Published May 09, 2007 11:48 pm - A wide variety of local projects have been eliminated — at least temporarily — by a flurry of vetoes issued by Gov. Tim Pawlenty, who accuses Democrats who control the Legislature of spending too much and reforming too little.
Vetoes have local impact
Political battle between Pawlenty, DFL leaving some programs in limbo
By Mark Fischenich
The Free Press
A wide variety of local projects have been eliminated — at least temporarily — by a flurry of vetoes issued by Gov. Tim Pawlenty, who accuses Democrats who control the Legislature of spending too much and reforming too little.
While the Republican governor and DFL leaders butt heads, south-central Minnesotans are left wondering about budgets for their favorite projects or their place of employment as the legislative session moves into its final 10 days.
“It makes a big difference who’s governor, doesn’t it?” said Joe Kunkel, a political science professor at Minnesota State University. “The governor’s got the veto, the governor’s got the line-item veto.”
And Democrats controlling the Legislature don’t have the two-thirds majority needed to override Pawlenty’s vetoes.
“All he needs is one-third plus one in one house and a willingness to go to the wall,” Kunkel said.
The vetoes set the stage for some hard negotiations and leave a lot of government-financed programs in limbo.
Two lakes, three vetoes
Funding to remove tornado debris from Lake Emily just east of St. Peter was wiped out when Pawlenty vetoed the entire jobs and economic development budget bill. The compromise bill worked out by a House-Senate conference committee had included $75,000 to clean up the lake after an August tornado dropped debris into it from damaged and destroyed lakeside homes.

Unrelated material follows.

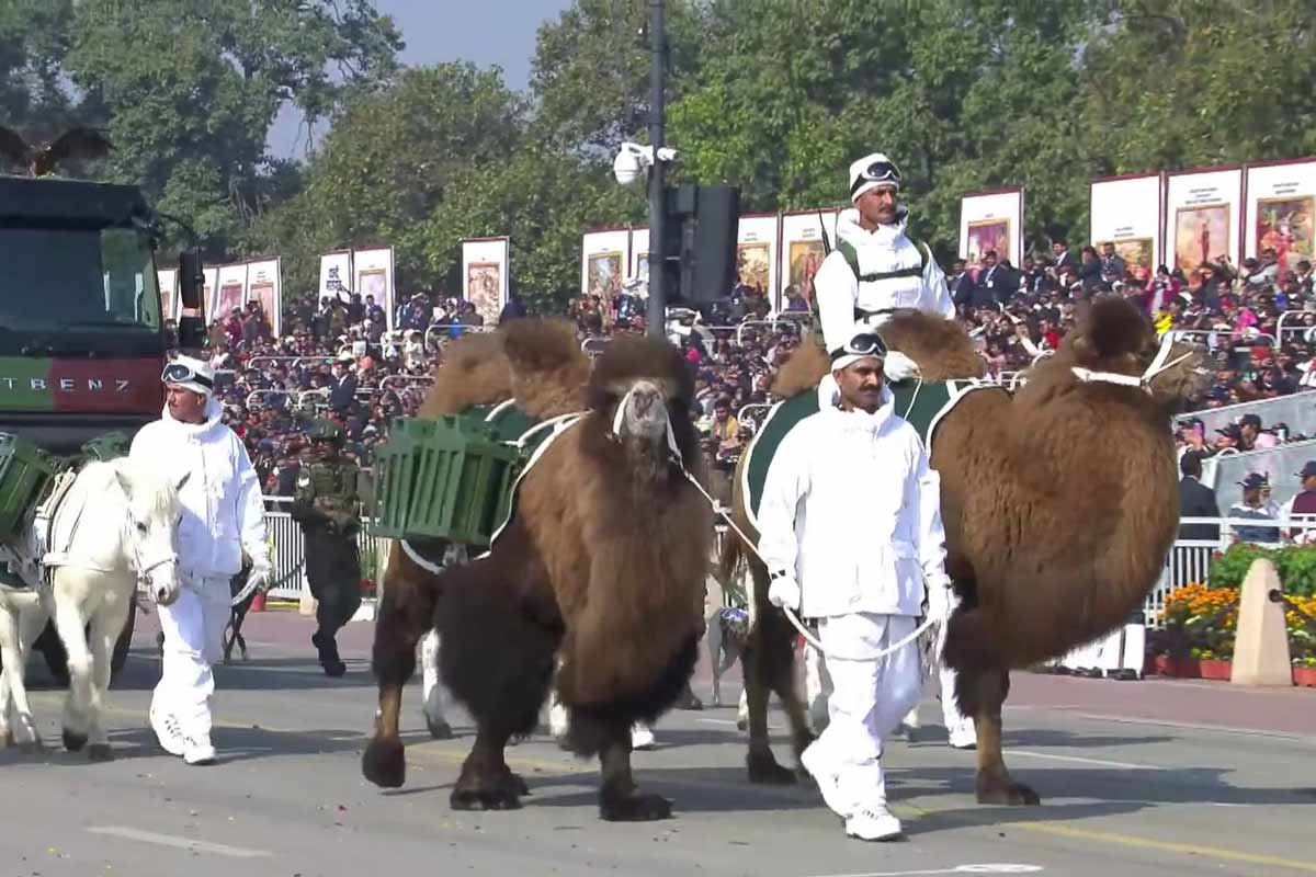 কর্তব্য পথে শক্তি প্রদর্শন করে বিএসএফের উট বাহিনী। ছিল ভেটেরিনারি কোর স্কোয়াডের ডাবল-হাম্প বা দ্বিকুঁজ বিশিষ্ট উট। লাদাখের মতো উঁচু বরফ ঢাকা প্রান্তরে সেনাবাহিনীর অন্যতম ভরসার এই প্রাণী।
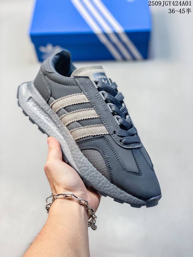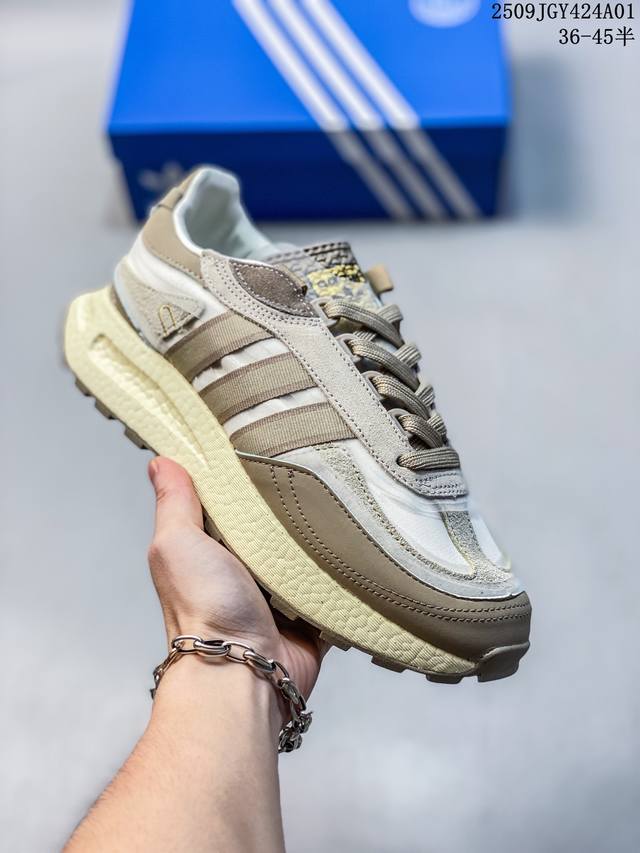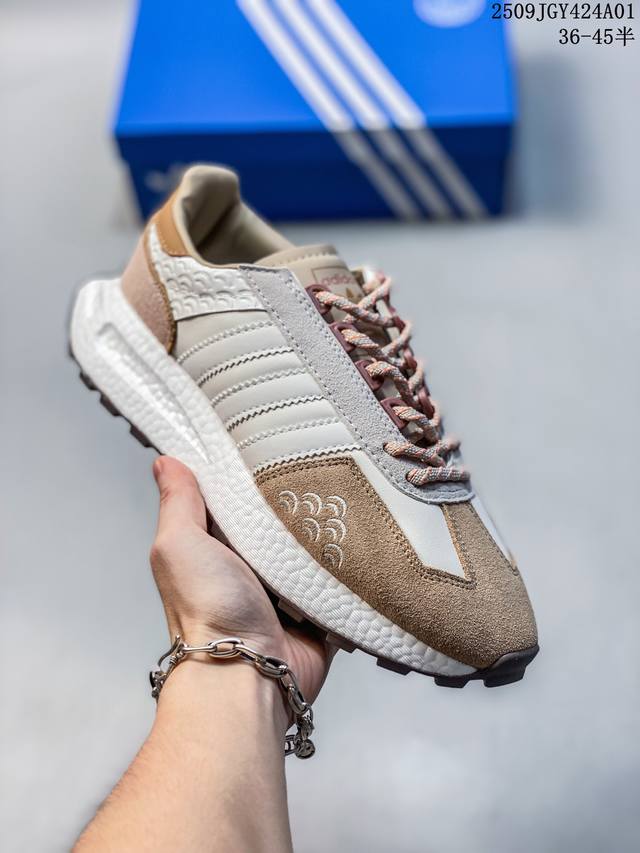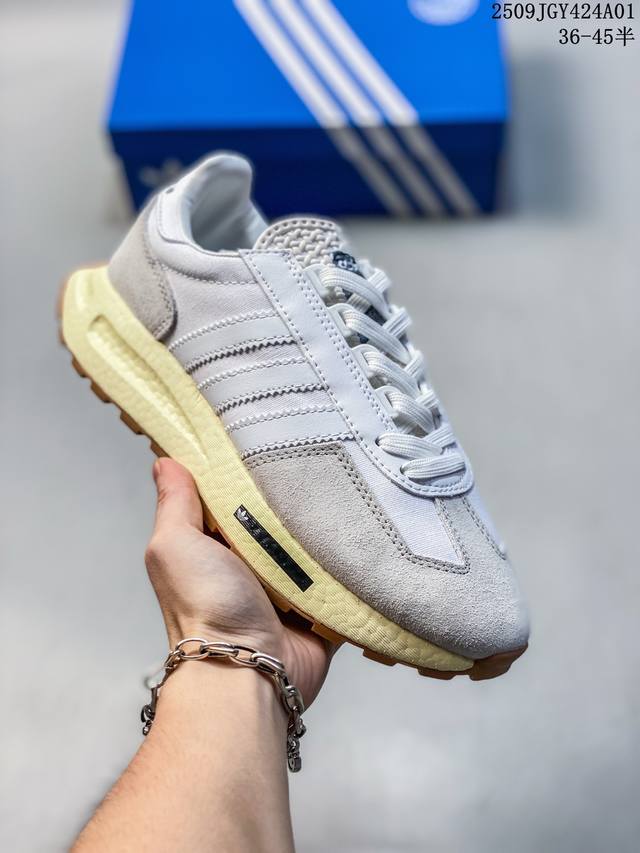 真标带半码 阿迪达斯Adidas Originals Retropy E5 爆米花速度轻盈复古系列百搭透气休闲运动慢跑鞋。全新Boost轻量缓震鞋底材质# 轻盈

Another area lake clean-up project has now been struck by a pair of vetoes. Plans to reduce the amount of sediment and other pollution going into Sibley County’s Lake Titloe were funded partly in the state capital improvements bill, commonly called the bonding bill, and partly in the environment and natural resources budget bill.
The bonding bill was vetoed May 1, eliminating $165,000 for reducing the amount of sediment in the Rush River upstream from Lake Titloe.
Pawlenty signed the environment funding bill Tuesday but used a line-item veto to eliminate $200,000 to help Gaylord set up holding ponds for its storm water to keep it from going directly into the heavily polluted lake.
“Although this is an important water quality initiative, it is more appropriately funded in an upcoming capital improvements bill, either this year or in the traditional bonding year,” Pawlenty wrote in his veto message.